Exercise:
If a record contains an image, leave the image out and repeat everything else exactly.

---------------

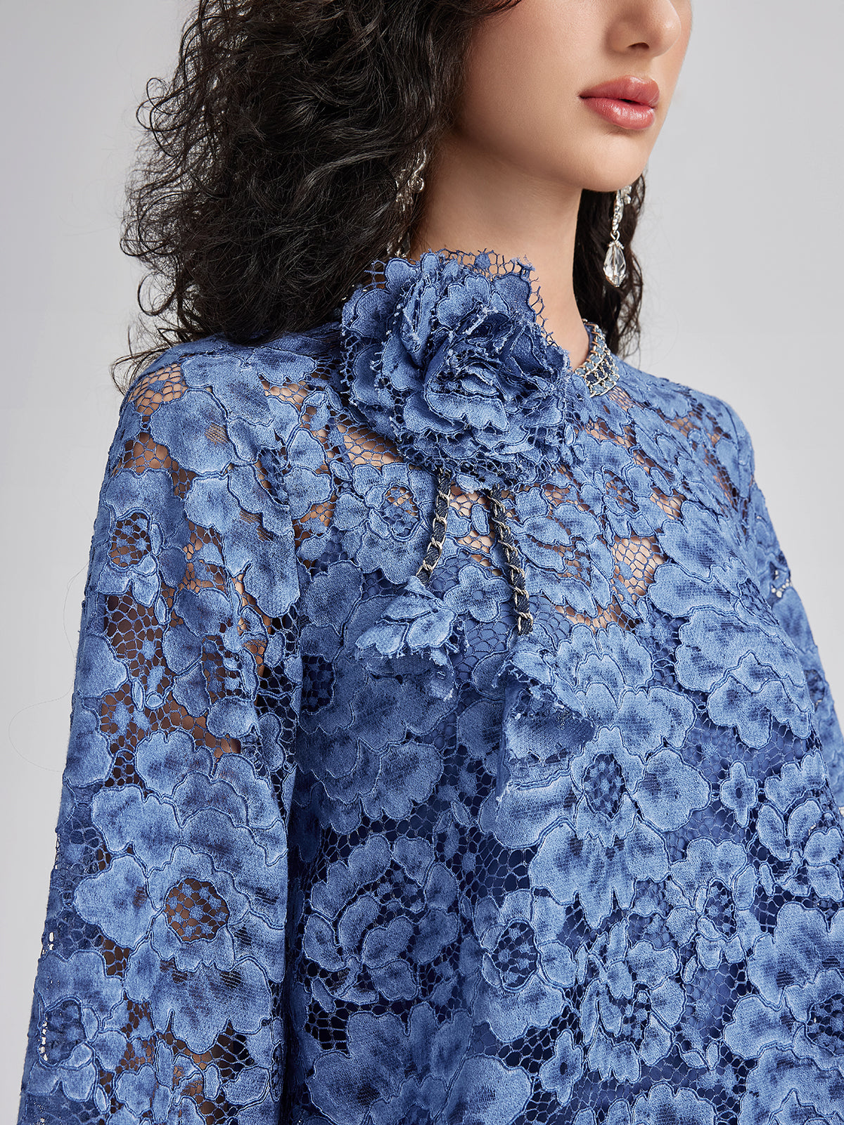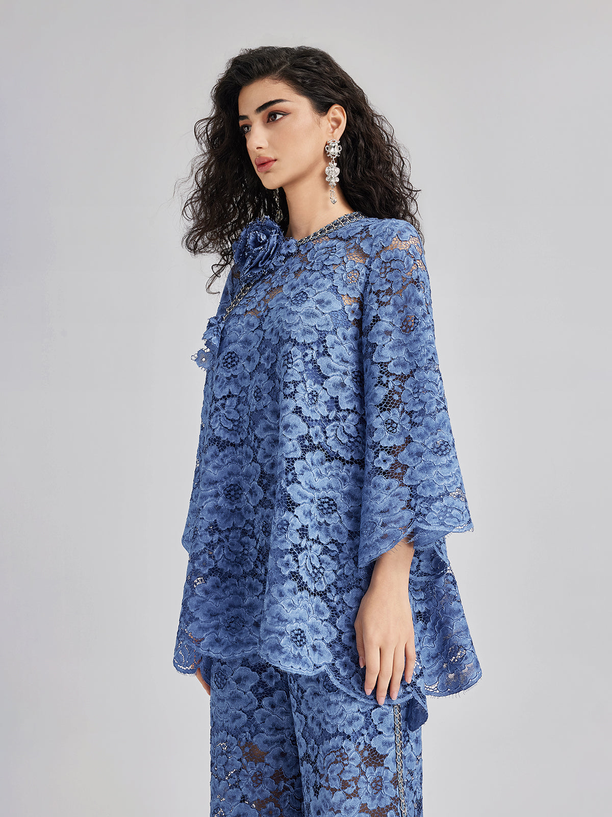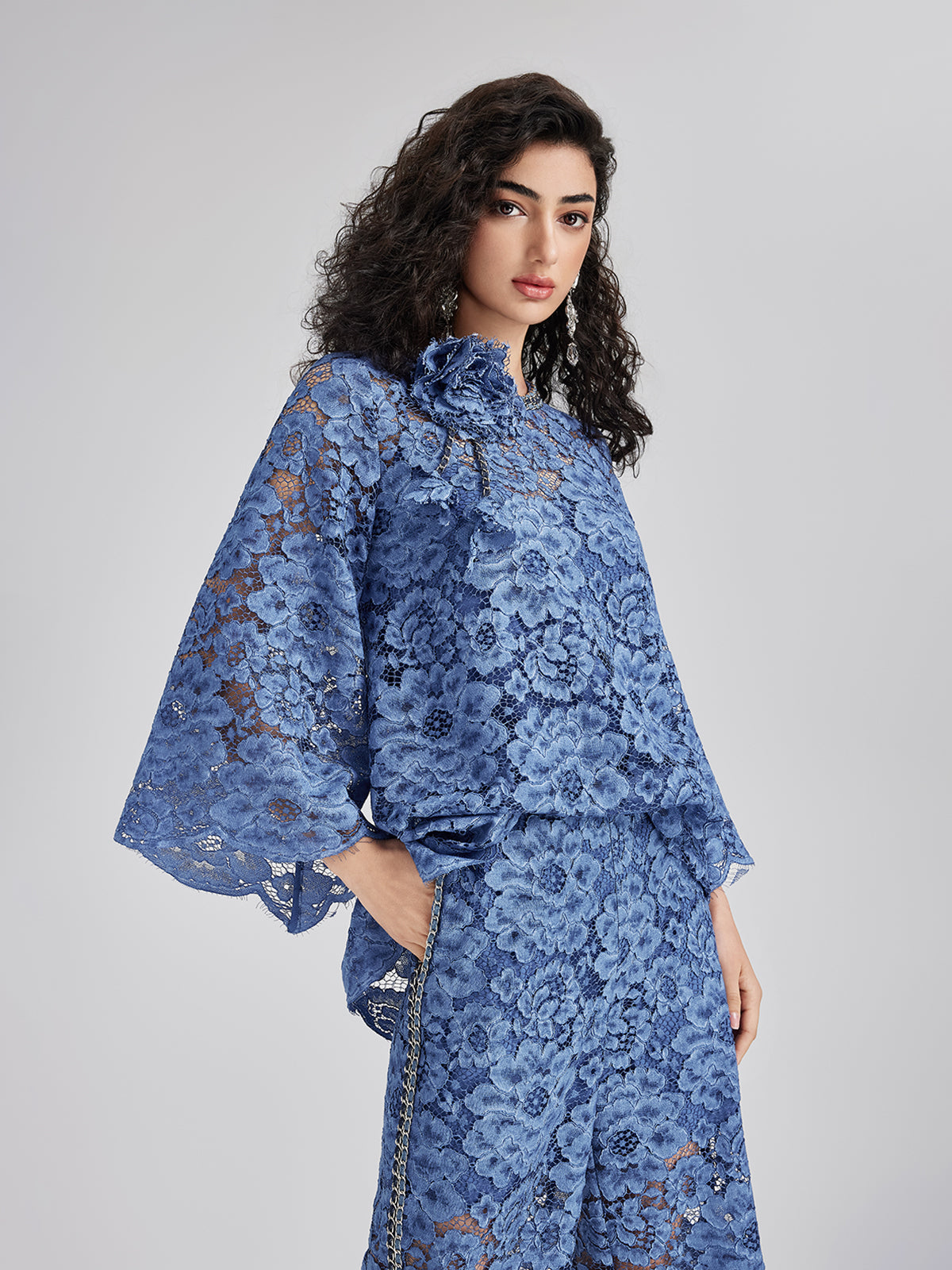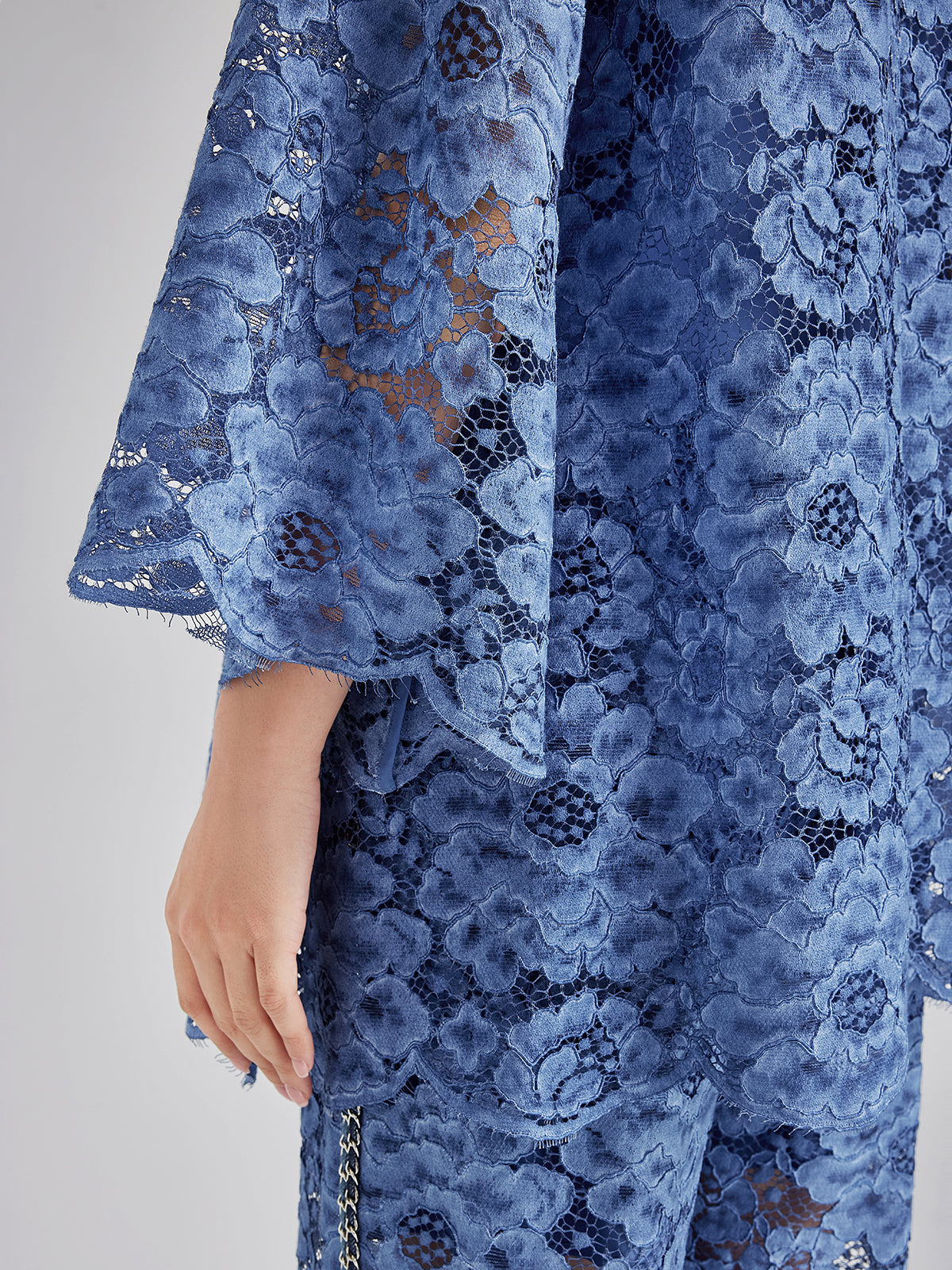 Hand-washed lace creates a one-of-a-kind vintage texture for each piece. Removable matching fabric flower lets you switch up the look. Tone-on-tone chain trim subtly accents the neckline. Premium lace holds its shape. Comes with a matching camisole for coverage and comfort. Relaxed fit suits all body types.
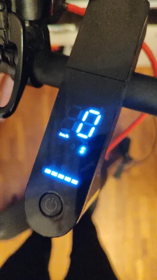 Patinete eléctrico en color negro, con pantalla digital. - Indicador de batería. - Indicador de velocidad en km/h. - Modo deportivo (S). - Conexión Bluetooth. Le falta arreglar un pinchazo trasero
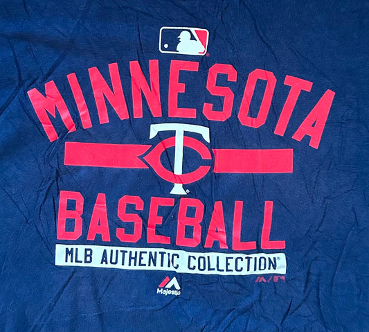 Minnesota Baseball MLB Authentic Majestic Label Blue Cotton T-shirt XL
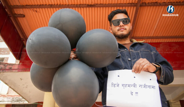 कालो बेलुन उडाउँदै विद्यार्थीले मागे गृहमन्त्रीको राजीनामा (तस्बिरहरू)
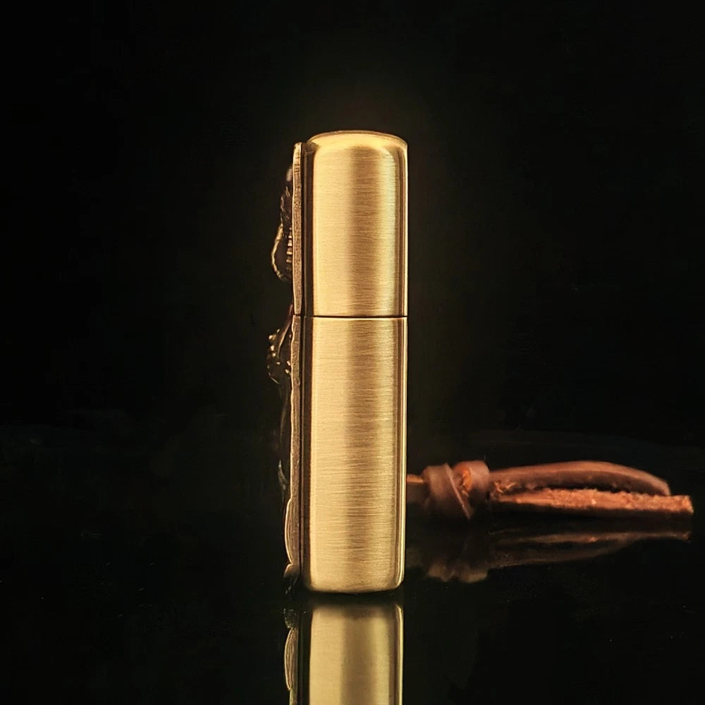 This Brushed Brass Zippo is a striking collectible lighter designed for those who appreciate bold artwork and high-quality craftsmanship. The front showcases a sculpted 3D cowgirl emblem, welded directly onto the brass case for maximum durability and an impressive textured appearance. The detailed engraving provides depth, character, and a standout visual style that makes the lighter truly unique.
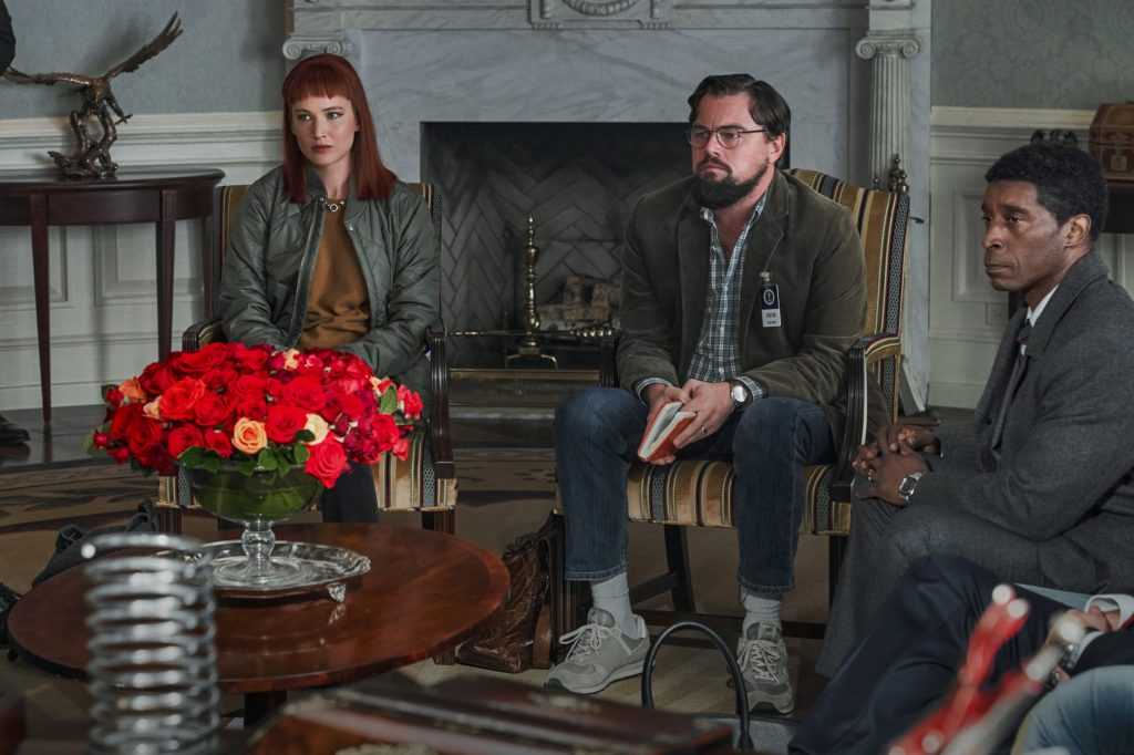 Дженнифер Лоуренс, Леонардо ДиКаприо и Роб Морган в фильме «Не смотрите наверх» (2021)
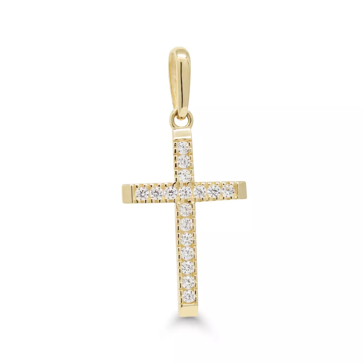 Keltakullasta valmistettu, upeilla zirkoneilla koristeltu risti.
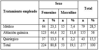 El tratamiento empleado con mayor frecuencia fue la ablación química (inyección percutánea de etanol) realizada al 56 % del total de pacientes (tabla 3).
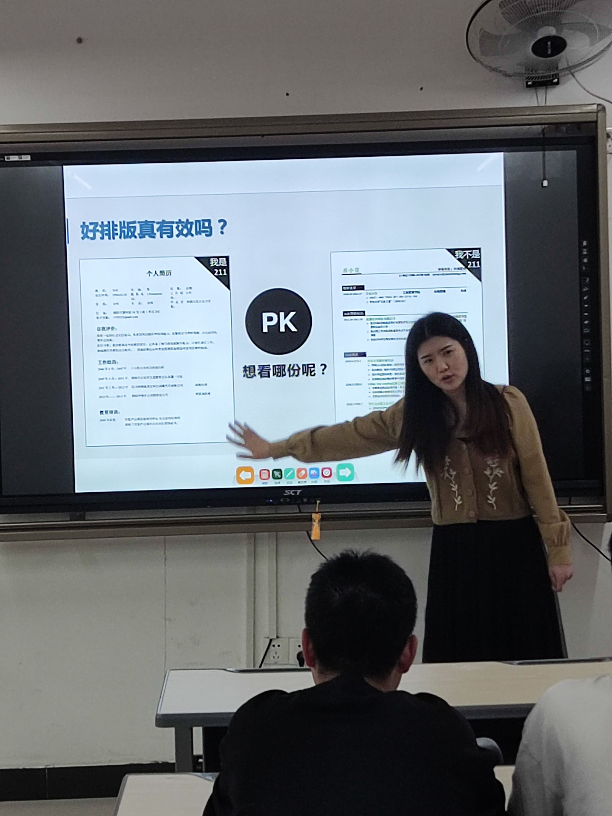 活动结束后廖进老师还让同学们拿上自己的纸质简历,在教室里为同学一一进行悉心指导,让同学们更直观的了解自己简历制作的缺陷,进一步提升同学们制作简历的能力。
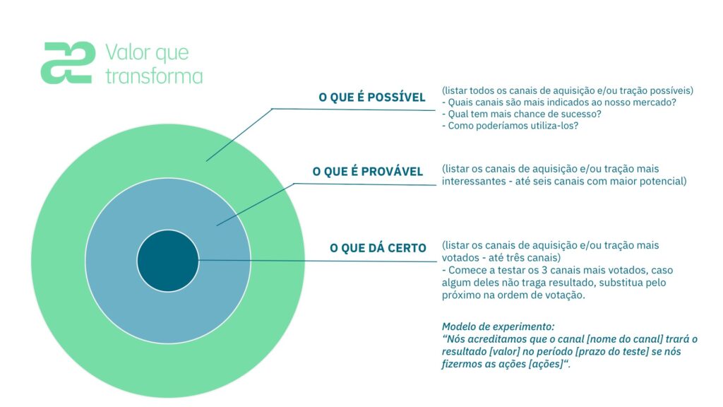 Uma vez identificados, é fundamental selecionar os seis canais com maior potencial para o seu mercado específico. Para te ajudar ainda mais, o livro “Tração: Domine os 19 Canais que uma Startup Usa para Atingir Aumento Exponencial em sua Base de Clientes“, de Gabriel Weinberg e Justin Mares, identifica 19 canais de aquisição.
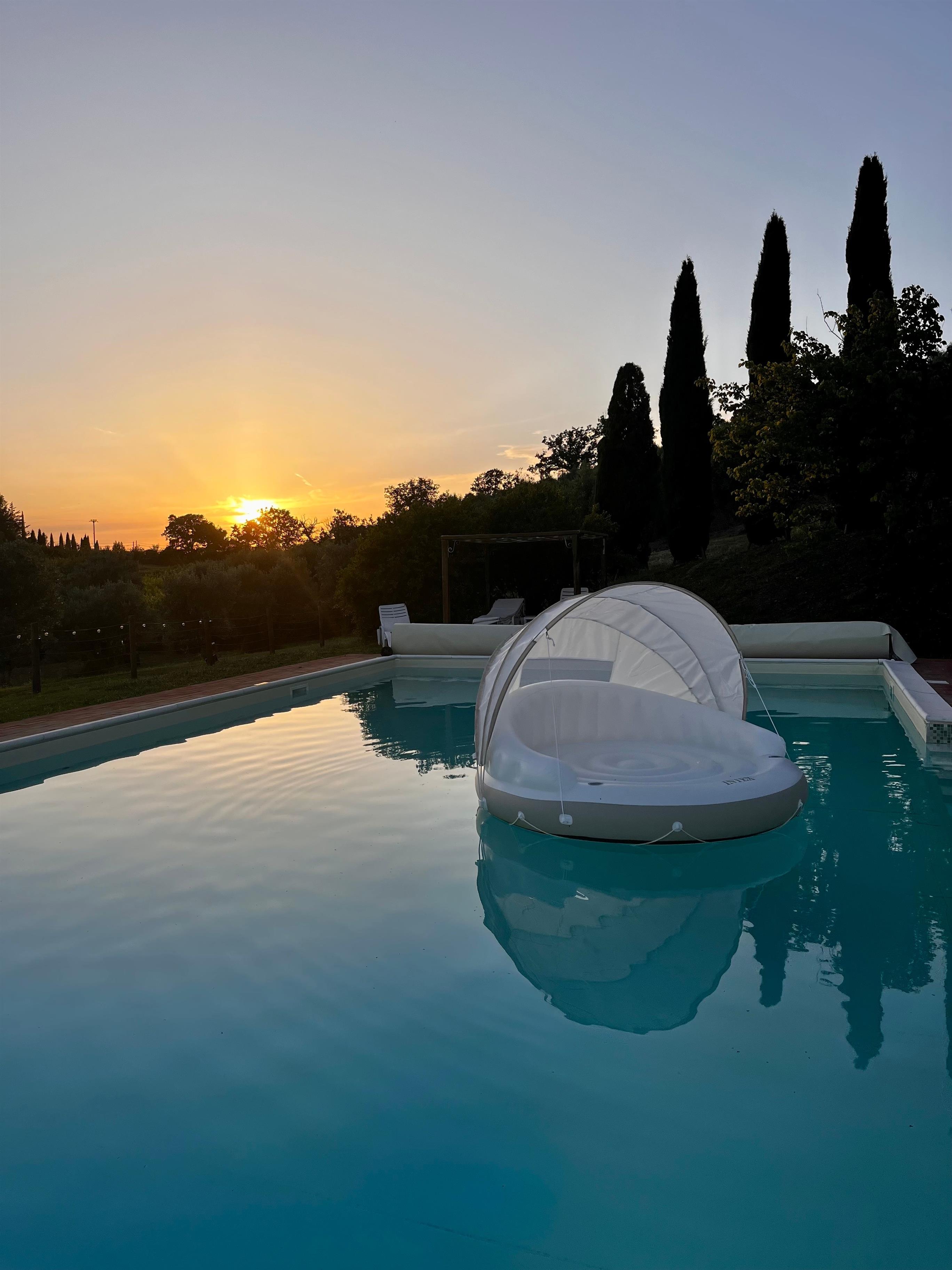 Lassen Sie die Seele baumeln in unserem 15x8 Meter großen, sonnigen und je nach Jahreszeit beheizten* Panoramapool, mit römischer Treppe und geniessen Sie dort oder in den Sonnenliegen den Ausblick auf die traumhafte Hügellandschaft des faszinierenden Val di Cecina.

---------------

Answer box:
 Hand-washed lace creates a one-of-a-kind vintage texture for each piece. Removable matching fabric flower lets you switch up the look. Tone-on-tone chain trim subtly accents the neckline. Premium lace holds its shape. Comes with a matching camisole for coverage and comfort. Relaxed fit suits all body types.
 Patinete eléctrico en color negro, con pantalla digital. - Indicador de batería. - Indicador de velocidad en km/h. - Modo deportivo (S). - Conexión Bluetooth. Le falta arreglar un pinchazo trasero
 Minnesota Baseball MLB Authentic Majestic Label Blue Cotton T-shirt XL
 कालो बेलुन उडाउँदै विद्यार्थीले मागे गृहमन्त्रीको राजीनामा (तस्बिरहरू)
 This Brushed Brass Zippo is a striking collectible lighter designed for those who appreciate bold artwork and high-quality craftsmanship. The front showcases a sculpted 3D cowgirl emblem, welded directly onto the brass case for maximum durability and an impressive textured appearance. The detailed engraving provides depth, character, and a standout visual style that makes the lighter truly unique.
 Дженнифер Лоуренс, Леонардо ДиКаприо и Роб Морган в фильме «Не смотрите наверх» (2021)
 Keltakullasta valmistettu, upeilla zirkoneilla koristeltu risti.
 El tratamiento empleado con mayor frecuencia fue la ablación química (inyección percutánea de etanol) realizada al 56 % del total de pacientes (tabla 3).
 活动结束后廖进老师还让同学们拿上自己的纸质简历,在教室里为同学一一进行悉心指导,让同学们更直观的了解自己简历制作的缺陷,进一步提升同学们制作简历的能力。
 Uma vez identificados, é fundamental selecionar os seis canais com maior potencial para o seu mercado específico. Para te ajudar ainda mais, o livro “Tração: Domine os 19 Canais que uma Startup Usa para Atingir Aumento Exponencial em sua Base de Clientes“, de Gabriel Weinberg e Justin Mares, identifica 19 canais de aquisição.
 Lassen Sie die Seele baumeln in unserem 15x8 Meter großen, sonnigen und je nach Jahreszeit beheizten* Panoramapool, mit römischer Treppe und geniessen Sie dort oder in den Sonnenliegen den Ausblick auf die traumhafte Hügellandschaft des faszinierenden Val di Cecina.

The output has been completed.